(Records from a data collection)
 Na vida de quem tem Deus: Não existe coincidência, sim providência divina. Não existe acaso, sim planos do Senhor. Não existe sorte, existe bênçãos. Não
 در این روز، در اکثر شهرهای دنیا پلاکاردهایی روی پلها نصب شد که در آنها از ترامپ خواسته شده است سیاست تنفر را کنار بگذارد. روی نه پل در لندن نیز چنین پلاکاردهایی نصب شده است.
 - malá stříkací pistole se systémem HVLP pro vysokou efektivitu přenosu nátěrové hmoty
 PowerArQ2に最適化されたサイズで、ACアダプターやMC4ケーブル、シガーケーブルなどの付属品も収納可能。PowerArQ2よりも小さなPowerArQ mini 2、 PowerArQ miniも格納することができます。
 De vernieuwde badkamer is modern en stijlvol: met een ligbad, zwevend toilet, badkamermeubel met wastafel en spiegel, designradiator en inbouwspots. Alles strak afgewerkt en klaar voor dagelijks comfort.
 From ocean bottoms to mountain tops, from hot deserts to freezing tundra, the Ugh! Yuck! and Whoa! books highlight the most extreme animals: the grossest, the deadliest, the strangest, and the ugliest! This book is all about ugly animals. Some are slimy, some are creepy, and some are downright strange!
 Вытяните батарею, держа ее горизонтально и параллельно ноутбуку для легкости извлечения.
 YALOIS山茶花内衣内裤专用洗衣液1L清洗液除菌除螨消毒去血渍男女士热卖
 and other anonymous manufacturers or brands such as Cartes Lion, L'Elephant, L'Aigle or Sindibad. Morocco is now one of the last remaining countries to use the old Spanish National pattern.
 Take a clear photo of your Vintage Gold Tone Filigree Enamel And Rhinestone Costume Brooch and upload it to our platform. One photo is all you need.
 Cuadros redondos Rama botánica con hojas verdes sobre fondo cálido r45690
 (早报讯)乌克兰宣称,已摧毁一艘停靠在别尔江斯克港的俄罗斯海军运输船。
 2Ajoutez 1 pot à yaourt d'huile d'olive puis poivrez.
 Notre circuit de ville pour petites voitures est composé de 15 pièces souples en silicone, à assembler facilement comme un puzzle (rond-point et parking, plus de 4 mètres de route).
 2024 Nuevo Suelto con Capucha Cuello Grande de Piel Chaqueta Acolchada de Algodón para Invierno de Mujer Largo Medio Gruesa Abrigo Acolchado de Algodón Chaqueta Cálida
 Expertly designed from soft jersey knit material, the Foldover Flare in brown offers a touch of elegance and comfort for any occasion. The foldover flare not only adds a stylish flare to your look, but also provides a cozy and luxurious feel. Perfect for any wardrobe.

Task: Give back the entries exactly, so that each line matches the original.

Task solution:
 Na vida de quem tem Deus: Não existe coincidência, sim providência divina. Não existe acaso, sim planos do Senhor. Não existe sorte, existe bênçãos. Não
 در این روز، در اکثر شهرهای دنیا پلاکاردهایی روی پلها نصب شد که در آنها از ترامپ خواسته شده است سیاست تنفر را کنار بگذارد. روی نه پل در لندن نیز چنین پلاکاردهایی نصب شده است.
 - malá stříkací pistole se systémem HVLP pro vysokou efektivitu přenosu nátěrové hmoty
 PowerArQ2に最適化されたサイズで、ACアダプターやMC4ケーブル、シガーケーブルなどの付属品も収納可能。PowerArQ2よりも小さなPowerArQ mini 2、 PowerArQ miniも格納することができます。
 De vernieuwde badkamer is modern en stijlvol: met een ligbad, zwevend toilet, badkamermeubel met wastafel en spiegel, designradiator en inbouwspots. Alles strak afgewerkt en klaar voor dagelijks comfort.
 From ocean bottoms to mountain tops, from hot deserts to freezing tundra, the Ugh! Yuck! and Whoa! books highlight the most extreme animals: the grossest, the deadliest, the strangest, and the ugliest! This book is all about ugly animals. Some are slimy, some are creepy, and some are downright strange!
 Вытяните батарею, держа ее горизонтально и параллельно ноутбуку для легкости извлечения.
 YALOIS山茶花内衣内裤专用洗衣液1L清洗液除菌除螨消毒去血渍男女士热卖
 and other anonymous manufacturers or brands such as Cartes Lion, L'Elephant, L'Aigle or Sindibad. Morocco is now one of the last remaining countries to use the old Spanish National pattern.
 Take a clear photo of your Vintage Gold Tone Filigree Enamel And Rhinestone Costume Brooch and upload it to our platform. One photo is all you need.
 Cuadros redondos Rama botánica con hojas verdes sobre fondo cálido r45690
 (早报讯)乌克兰宣称,已摧毁一艘停靠在别尔江斯克港的俄罗斯海军运输船。
 2Ajoutez 1 pot à yaourt d'huile d'olive puis poivrez.
 Notre circuit de ville pour petites voitures est composé de 15 pièces souples en silicone, à assembler facilement comme un puzzle (rond-point et parking, plus de 4 mètres de route).
 2024 Nuevo Suelto con Capucha Cuello Grande de Piel Chaqueta Acolchada de Algodón para Invierno de Mujer Largo Medio Gruesa Abrigo Acolchado de Algodón Chaqueta Cálida
 Expertly designed from soft jersey knit material, the Foldover Flare in brown offers a touch of elegance and comfort for any occasion. The foldover flare not only adds a stylish flare to your look, but also provides a cozy and luxurious feel. Perfect for any wardrobe.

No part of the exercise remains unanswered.